▶ [WHAT THIS TASK INVOLVES]
Nothing but the lines from the one containing "兩風機系統是三風機系統的簡化" through the one containing "4. 置換管道內(nèi)氣", both included, should be given again, each exactly as written below.

▶ [THE DATA]
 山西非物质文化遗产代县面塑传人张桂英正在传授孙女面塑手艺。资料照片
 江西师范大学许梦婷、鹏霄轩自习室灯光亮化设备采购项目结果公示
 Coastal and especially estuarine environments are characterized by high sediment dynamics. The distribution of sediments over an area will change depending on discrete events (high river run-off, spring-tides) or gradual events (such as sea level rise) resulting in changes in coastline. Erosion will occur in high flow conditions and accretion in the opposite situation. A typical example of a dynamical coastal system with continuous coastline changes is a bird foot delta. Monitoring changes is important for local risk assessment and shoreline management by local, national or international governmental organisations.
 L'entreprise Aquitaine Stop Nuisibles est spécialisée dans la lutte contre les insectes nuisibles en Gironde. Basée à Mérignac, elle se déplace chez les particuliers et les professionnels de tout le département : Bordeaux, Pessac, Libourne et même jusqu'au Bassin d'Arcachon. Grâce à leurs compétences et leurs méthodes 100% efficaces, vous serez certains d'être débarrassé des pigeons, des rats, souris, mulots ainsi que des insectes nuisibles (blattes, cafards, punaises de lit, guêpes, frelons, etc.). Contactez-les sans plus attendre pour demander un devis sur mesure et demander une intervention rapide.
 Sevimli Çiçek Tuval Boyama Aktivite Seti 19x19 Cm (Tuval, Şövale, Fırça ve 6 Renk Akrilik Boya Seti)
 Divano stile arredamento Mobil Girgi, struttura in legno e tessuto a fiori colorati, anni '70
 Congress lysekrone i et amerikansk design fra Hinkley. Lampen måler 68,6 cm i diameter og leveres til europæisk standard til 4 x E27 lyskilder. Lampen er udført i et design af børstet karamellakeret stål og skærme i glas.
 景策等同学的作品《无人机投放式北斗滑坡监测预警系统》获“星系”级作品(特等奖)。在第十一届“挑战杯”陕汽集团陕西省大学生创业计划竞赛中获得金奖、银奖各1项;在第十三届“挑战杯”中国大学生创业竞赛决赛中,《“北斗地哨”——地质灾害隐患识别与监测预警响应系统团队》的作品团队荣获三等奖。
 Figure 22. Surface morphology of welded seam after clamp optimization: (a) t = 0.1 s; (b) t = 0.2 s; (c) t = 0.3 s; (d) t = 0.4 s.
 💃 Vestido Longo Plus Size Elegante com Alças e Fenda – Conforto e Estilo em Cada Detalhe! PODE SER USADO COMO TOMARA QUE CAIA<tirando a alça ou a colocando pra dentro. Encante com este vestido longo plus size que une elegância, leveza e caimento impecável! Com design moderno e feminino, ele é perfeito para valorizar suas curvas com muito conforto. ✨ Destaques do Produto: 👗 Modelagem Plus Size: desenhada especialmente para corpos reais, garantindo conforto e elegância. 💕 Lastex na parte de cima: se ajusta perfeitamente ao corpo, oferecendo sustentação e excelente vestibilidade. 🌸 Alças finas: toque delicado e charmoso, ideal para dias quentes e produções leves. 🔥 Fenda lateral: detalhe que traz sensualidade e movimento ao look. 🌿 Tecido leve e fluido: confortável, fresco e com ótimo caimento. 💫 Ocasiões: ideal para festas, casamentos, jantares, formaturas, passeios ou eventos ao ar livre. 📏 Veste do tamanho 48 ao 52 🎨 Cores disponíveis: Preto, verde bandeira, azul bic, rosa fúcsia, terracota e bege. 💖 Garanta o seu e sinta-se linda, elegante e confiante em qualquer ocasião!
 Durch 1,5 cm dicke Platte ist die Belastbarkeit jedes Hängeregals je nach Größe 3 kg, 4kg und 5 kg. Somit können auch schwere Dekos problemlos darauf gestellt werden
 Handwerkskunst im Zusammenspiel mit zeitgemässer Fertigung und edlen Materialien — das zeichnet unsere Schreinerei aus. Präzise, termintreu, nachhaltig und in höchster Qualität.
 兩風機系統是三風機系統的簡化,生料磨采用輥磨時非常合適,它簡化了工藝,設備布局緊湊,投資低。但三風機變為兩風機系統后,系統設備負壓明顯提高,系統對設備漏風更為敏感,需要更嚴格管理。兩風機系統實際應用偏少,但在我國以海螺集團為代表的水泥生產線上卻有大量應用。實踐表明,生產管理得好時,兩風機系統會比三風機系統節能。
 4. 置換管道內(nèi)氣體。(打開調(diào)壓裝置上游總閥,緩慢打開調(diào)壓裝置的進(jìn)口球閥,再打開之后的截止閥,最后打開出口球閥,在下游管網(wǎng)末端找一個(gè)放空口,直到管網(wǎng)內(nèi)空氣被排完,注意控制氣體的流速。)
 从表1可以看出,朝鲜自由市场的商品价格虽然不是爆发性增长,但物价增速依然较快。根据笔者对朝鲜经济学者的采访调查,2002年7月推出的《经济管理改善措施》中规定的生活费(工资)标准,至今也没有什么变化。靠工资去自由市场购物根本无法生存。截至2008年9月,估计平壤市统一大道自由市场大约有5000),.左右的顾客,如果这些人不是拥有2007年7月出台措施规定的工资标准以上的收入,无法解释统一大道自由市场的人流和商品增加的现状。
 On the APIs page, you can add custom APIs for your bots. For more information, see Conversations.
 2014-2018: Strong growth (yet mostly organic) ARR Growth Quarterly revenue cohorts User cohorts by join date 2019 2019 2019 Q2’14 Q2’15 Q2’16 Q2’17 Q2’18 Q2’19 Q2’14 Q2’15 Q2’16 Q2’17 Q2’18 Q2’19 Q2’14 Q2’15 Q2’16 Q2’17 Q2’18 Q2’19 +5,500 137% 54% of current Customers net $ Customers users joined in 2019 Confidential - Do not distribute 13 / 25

▶ [WRITTEN SOLUTION]
 兩風機系統是三風機系統的簡化,生料磨采用輥磨時非常合適,它簡化了工藝,設備布局緊湊,投資低。但三風機變為兩風機系統后,系統設備負壓明顯提高,系統對設備漏風更為敏感,需要更嚴格管理。兩風機系統實際應用偏少,但在我國以海螺集團為代表的水泥生產線上卻有大量應用。實踐表明,生產管理得好時,兩風機系統會比三風機系統節能。
 4. 置換管道內(nèi)氣體。(打開調(diào)壓裝置上游總閥,緩慢打開調(diào)壓裝置的進(jìn)口球閥,再打開之后的截止閥,最后打開出口球閥,在下游管網(wǎng)末端找一個(gè)放空口,直到管網(wǎng)內(nèi)空氣被排完,注意控制氣體的流速。)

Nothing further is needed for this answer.